- **Records to process**
------------------------------------------------

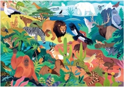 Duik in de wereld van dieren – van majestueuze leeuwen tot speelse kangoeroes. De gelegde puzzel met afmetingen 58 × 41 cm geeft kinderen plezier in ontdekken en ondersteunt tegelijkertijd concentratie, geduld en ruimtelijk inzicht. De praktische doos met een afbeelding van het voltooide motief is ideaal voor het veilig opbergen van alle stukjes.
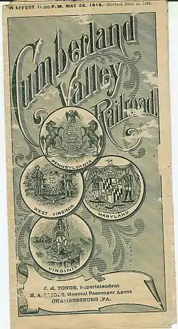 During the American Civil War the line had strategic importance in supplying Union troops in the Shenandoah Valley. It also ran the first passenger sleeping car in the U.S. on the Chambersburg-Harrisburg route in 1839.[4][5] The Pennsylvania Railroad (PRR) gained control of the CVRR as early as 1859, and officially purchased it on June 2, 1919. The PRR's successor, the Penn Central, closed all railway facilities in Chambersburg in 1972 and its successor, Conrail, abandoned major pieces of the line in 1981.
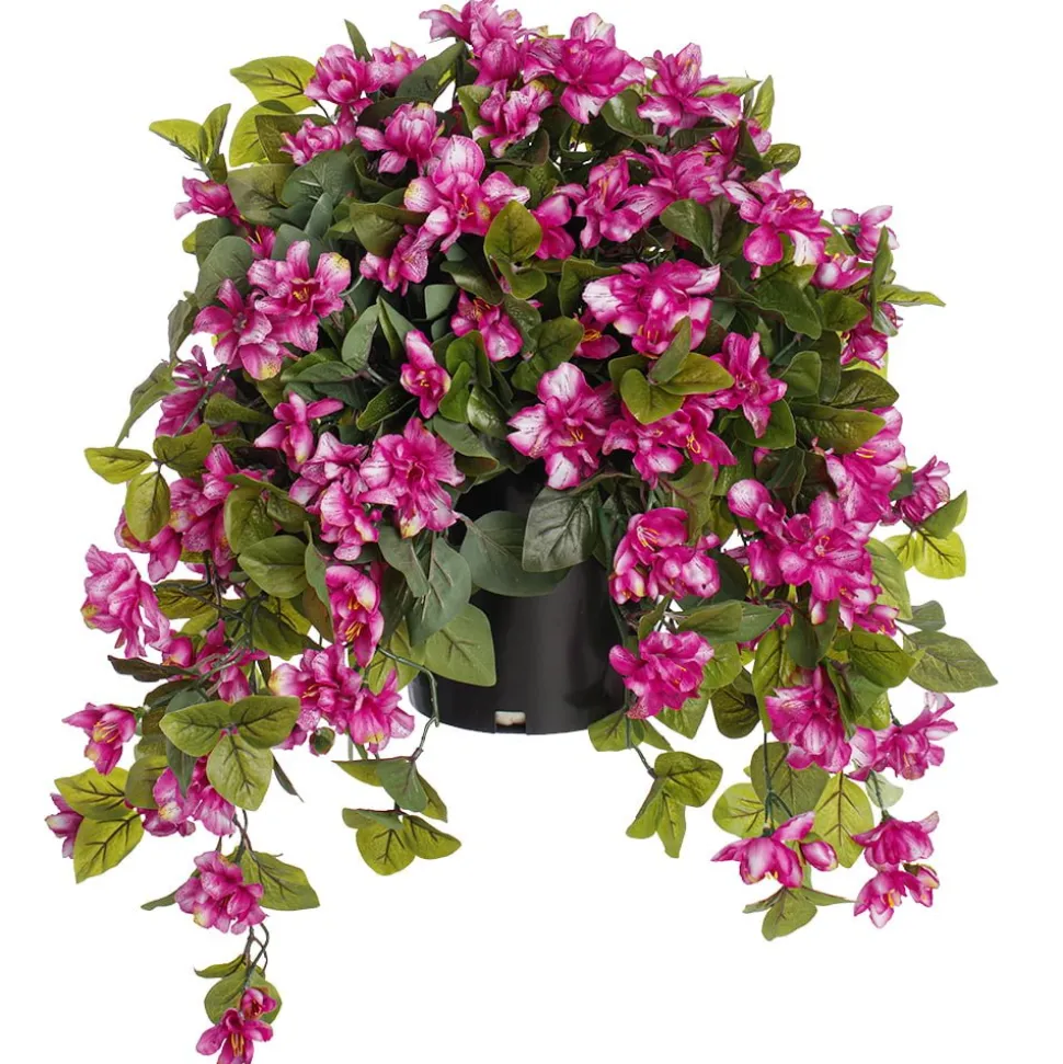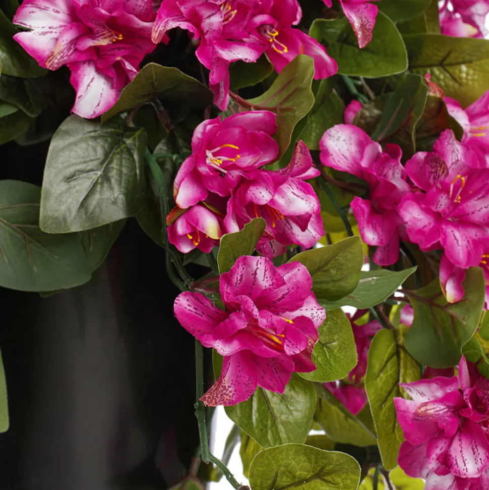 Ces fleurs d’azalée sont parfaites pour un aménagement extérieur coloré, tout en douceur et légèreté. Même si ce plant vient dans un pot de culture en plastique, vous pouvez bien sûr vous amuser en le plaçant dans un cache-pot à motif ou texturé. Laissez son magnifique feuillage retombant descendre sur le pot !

------------------------------------------------

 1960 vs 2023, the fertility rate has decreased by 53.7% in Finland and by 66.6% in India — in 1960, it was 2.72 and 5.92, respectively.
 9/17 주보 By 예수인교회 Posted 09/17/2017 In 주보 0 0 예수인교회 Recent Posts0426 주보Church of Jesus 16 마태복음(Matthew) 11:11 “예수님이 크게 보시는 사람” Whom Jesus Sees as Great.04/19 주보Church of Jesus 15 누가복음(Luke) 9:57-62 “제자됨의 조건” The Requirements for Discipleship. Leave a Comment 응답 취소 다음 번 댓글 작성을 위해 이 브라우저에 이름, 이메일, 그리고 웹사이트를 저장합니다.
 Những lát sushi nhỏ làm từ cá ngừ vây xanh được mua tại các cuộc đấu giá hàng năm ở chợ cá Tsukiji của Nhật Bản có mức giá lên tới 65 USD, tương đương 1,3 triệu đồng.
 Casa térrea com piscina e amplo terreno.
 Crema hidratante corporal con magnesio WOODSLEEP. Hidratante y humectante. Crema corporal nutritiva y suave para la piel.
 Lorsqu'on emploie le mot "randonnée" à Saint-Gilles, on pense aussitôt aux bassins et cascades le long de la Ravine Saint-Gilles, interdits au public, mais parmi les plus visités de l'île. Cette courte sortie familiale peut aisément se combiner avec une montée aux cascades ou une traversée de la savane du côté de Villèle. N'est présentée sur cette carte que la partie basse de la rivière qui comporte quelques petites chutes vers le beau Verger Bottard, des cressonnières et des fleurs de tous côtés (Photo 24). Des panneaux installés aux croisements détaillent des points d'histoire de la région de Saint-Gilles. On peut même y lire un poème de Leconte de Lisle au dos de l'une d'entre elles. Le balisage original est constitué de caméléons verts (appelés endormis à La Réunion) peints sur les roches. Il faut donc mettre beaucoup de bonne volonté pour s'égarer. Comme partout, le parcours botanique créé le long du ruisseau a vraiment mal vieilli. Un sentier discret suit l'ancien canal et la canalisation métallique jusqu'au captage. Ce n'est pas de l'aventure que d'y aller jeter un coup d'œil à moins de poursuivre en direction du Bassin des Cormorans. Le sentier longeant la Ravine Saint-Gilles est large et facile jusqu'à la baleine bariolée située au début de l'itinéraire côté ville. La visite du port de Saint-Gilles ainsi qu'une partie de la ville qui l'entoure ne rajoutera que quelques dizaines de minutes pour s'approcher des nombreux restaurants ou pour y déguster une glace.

------------------------------------------------

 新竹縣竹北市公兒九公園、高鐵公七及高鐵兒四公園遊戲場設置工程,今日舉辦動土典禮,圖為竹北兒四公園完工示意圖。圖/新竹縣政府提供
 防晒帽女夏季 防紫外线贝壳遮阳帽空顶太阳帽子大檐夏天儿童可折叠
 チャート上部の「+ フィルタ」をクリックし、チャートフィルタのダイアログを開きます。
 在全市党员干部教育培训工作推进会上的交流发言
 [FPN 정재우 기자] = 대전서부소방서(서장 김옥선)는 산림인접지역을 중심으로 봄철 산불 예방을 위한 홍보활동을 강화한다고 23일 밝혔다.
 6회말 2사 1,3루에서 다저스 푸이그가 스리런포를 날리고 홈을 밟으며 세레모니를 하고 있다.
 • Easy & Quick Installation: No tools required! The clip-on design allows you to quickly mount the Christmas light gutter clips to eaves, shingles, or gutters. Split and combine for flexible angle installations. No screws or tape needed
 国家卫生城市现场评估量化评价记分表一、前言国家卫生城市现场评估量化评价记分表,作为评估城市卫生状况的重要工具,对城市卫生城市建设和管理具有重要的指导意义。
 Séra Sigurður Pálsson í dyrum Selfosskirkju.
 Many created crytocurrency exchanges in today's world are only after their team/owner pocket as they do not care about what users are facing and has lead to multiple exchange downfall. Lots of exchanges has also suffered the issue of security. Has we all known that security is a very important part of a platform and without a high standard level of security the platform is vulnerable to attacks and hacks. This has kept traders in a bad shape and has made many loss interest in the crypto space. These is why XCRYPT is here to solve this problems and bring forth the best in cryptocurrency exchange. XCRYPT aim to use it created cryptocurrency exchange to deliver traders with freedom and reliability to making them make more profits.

------------------------------------------------

Taking the entries above, write out exactly the lines starting with the line containing "[FPN 정재우 기자]" and going on through the line containing "Many created crytocurrency", both included, and nothing else.

 [FPN 정재우 기자] = 대전서부소방서(서장 김옥선)는 산림인접지역을 중심으로 봄철 산불 예방을 위한 홍보활동을 강화한다고 23일 밝혔다.
 6회말 2사 1,3루에서 다저스 푸이그가 스리런포를 날리고 홈을 밟으며 세레모니를 하고 있다.
 • Easy & Quick Installation: No tools required! The clip-on design allows you to quickly mount the Christmas light gutter clips to eaves, shingles, or gutters. Split and combine for flexible angle installations. No screws or tape needed
 国家卫生城市现场评估量化评价记分表一、前言国家卫生城市现场评估量化评价记分表,作为评估城市卫生状况的重要工具,对城市卫生城市建设和管理具有重要的指导意义。
 Séra Sigurður Pálsson í dyrum Selfosskirkju.
 Many created crytocurrency exchanges in today's world are only after their team/owner pocket as they do not care about what users are facing and has lead to multiple exchange downfall. Lots of exchanges has also suffered the issue of security. Has we all known that security is a very important part of a platform and without a high standard level of security the platform is vulnerable to attacks and hacks. This has kept traders in a bad shape and has made many loss interest in the crypto space. These is why XCRYPT is here to solve this problems and bring forth the best in cryptocurrency exchange. XCRYPT aim to use it created cryptocurrency exchange to deliver traders with freedom and reliability to making them make more profits.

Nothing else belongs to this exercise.